*** Begin section ***
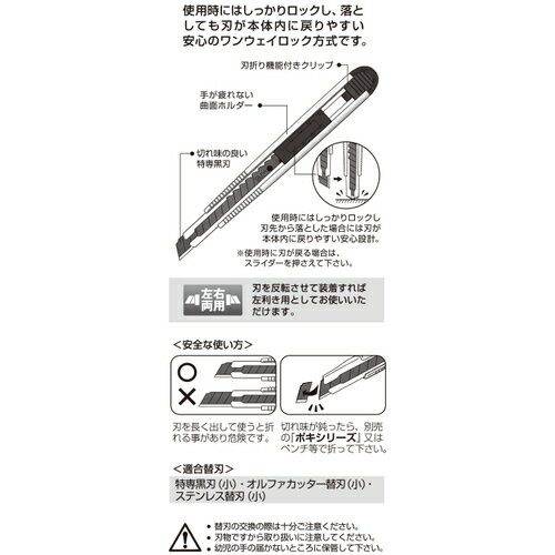 特長 上質感のあるオルファ・リミテッドシリーズの小型カッターです。 新方式オートロックは、使用時にはしっかりロックし、落としても刃がホルダ内に戻りやすい安心設計です。 左右両用のカッターです。 仕様・規格 刃厚:0.38mm 標準装着刃:BBタイプ 全長(mm):149 適合替刃:SSB5K・BB10K・BB50K・SB10K・SB50K 刃厚(mm):0.38 材質 本体:ABS樹脂 刃:合金工具鋼 質量・質量単位 30.2g
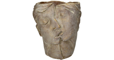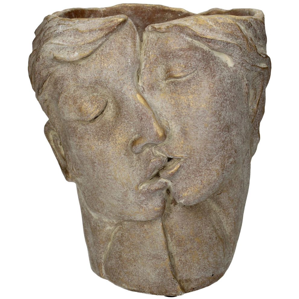 Planter Half Face Concrete Gold 19.5x16.5x22cm
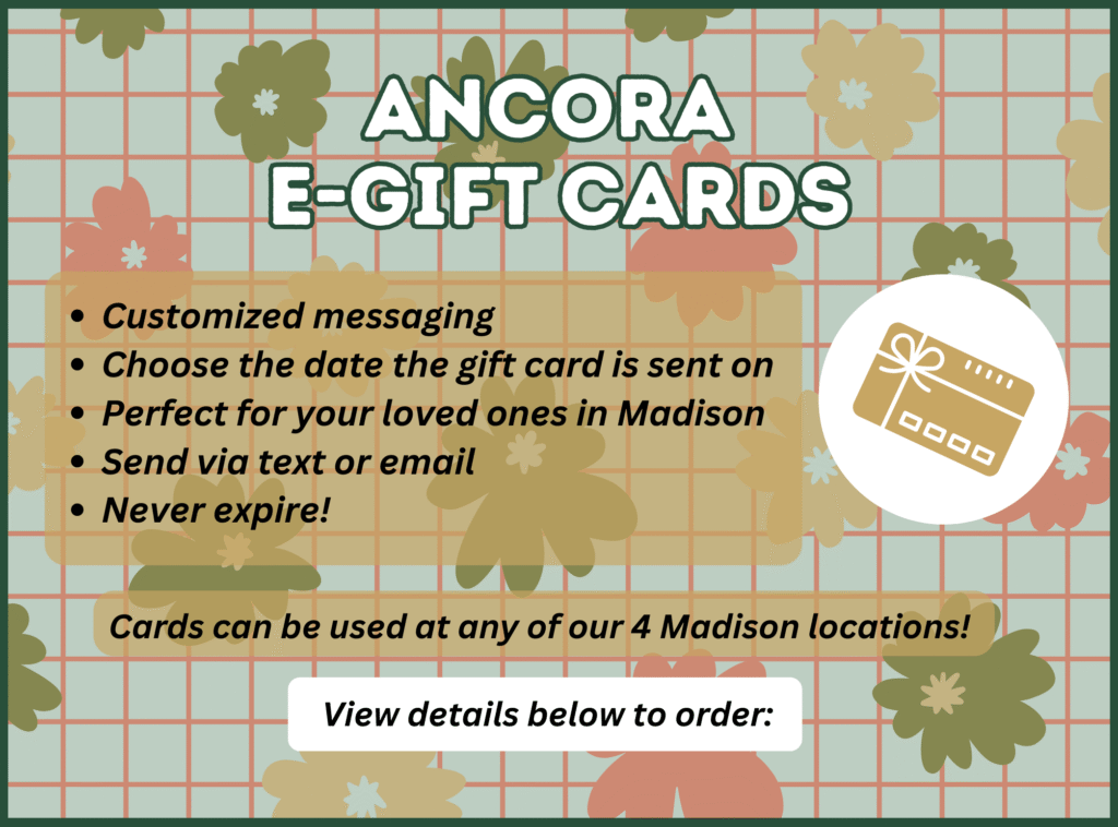 Our online ordering platform allows e-gift cards to be sold from any of our cafes. So choose your favorite below, and shop away!
*** End section ***
Your objective
Write out the material above once more, word for word. Images stay out.

Answer to the problem
 特長 上質感のあるオルファ・リミテッドシリーズの小型カッターです。 新方式オートロックは、使用時にはしっかりロックし、落としても刃がホルダ内に戻りやすい安心設計です。 左右両用のカッターです。 仕様・規格 刃厚:0.38mm 標準装着刃:BBタイプ 全長(mm):149 適合替刃:SSB5K・BB10K・BB50K・SB10K・SB50K 刃厚(mm):0.38 材質 本体:ABS樹脂 刃:合金工具鋼 質量・質量単位 30.2g
 Planter Half Face Concrete Gold 19.5x16.5x22cm
 Our online ordering platform allows e-gift cards to be sold from any of our cafes. So choose your favorite below, and shop away!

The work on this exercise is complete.